Dataset records: Begin
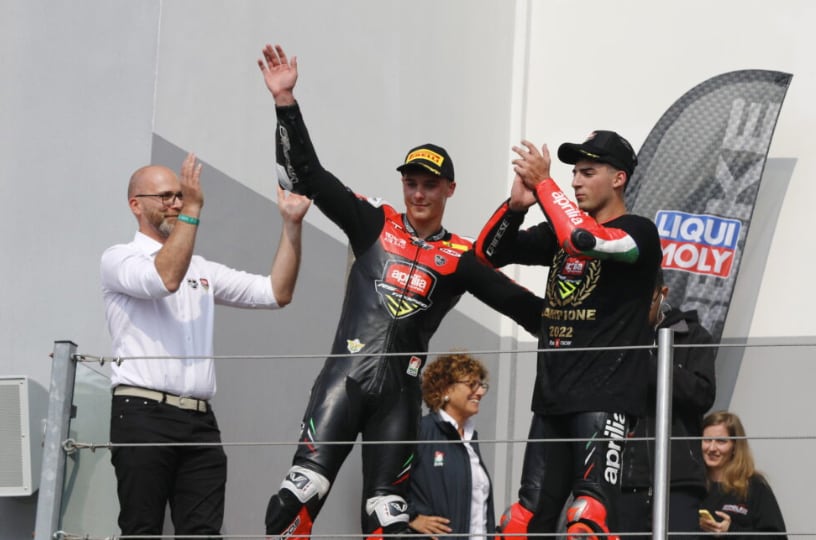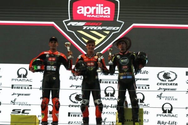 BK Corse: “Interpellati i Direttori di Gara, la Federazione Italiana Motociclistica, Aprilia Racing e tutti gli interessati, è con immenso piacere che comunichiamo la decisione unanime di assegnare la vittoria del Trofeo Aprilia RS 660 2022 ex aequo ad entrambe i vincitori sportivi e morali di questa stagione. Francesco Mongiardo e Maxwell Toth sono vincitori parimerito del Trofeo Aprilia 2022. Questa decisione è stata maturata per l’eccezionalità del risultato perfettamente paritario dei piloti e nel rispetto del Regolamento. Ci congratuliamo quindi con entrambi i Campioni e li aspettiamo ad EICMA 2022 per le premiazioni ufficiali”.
Dataset records: End
Dataset records: Begin
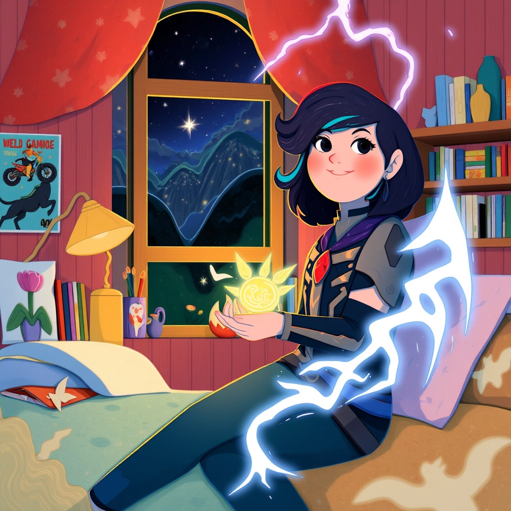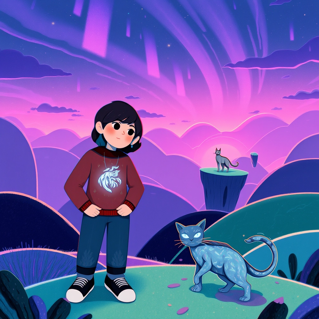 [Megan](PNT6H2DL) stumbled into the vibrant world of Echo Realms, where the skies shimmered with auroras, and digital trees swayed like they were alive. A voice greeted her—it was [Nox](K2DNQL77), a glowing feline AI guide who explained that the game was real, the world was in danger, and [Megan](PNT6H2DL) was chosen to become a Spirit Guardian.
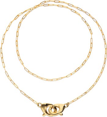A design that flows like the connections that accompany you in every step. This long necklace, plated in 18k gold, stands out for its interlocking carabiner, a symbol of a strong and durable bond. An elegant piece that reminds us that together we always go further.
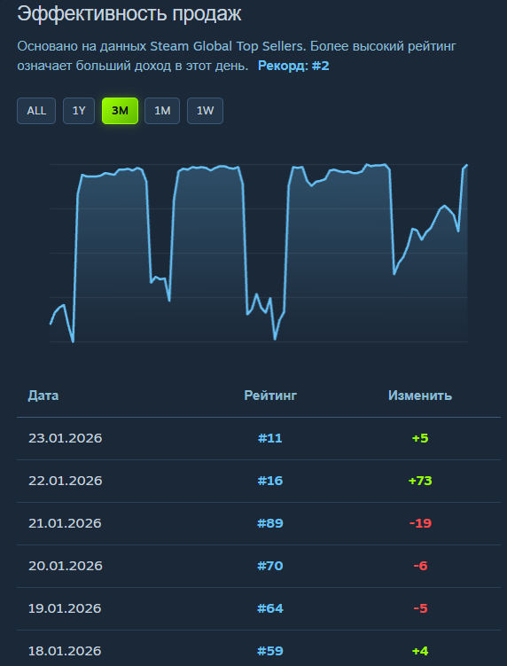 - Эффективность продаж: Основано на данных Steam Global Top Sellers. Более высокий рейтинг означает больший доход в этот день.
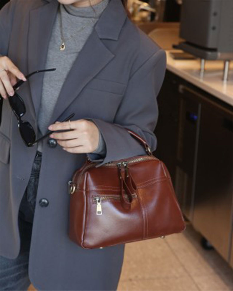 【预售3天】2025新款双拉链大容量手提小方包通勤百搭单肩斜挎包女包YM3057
Dataset records: End
Dataset records: Begin
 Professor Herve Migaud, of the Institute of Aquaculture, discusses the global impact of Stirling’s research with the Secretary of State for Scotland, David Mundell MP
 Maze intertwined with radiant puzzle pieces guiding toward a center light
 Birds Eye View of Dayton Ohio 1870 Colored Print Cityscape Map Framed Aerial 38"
Dataset records: End
All that is wanted is a faithful reproduction of the line above with "Maze intertwined with", the line with "Birds Eye View", and every line in between.

§ **Written solution**:
 Maze intertwined with radiant puzzle pieces guiding toward a center light
 Birds Eye View of Dayton Ohio 1870 Colored Print Cityscape Map Framed Aerial 38"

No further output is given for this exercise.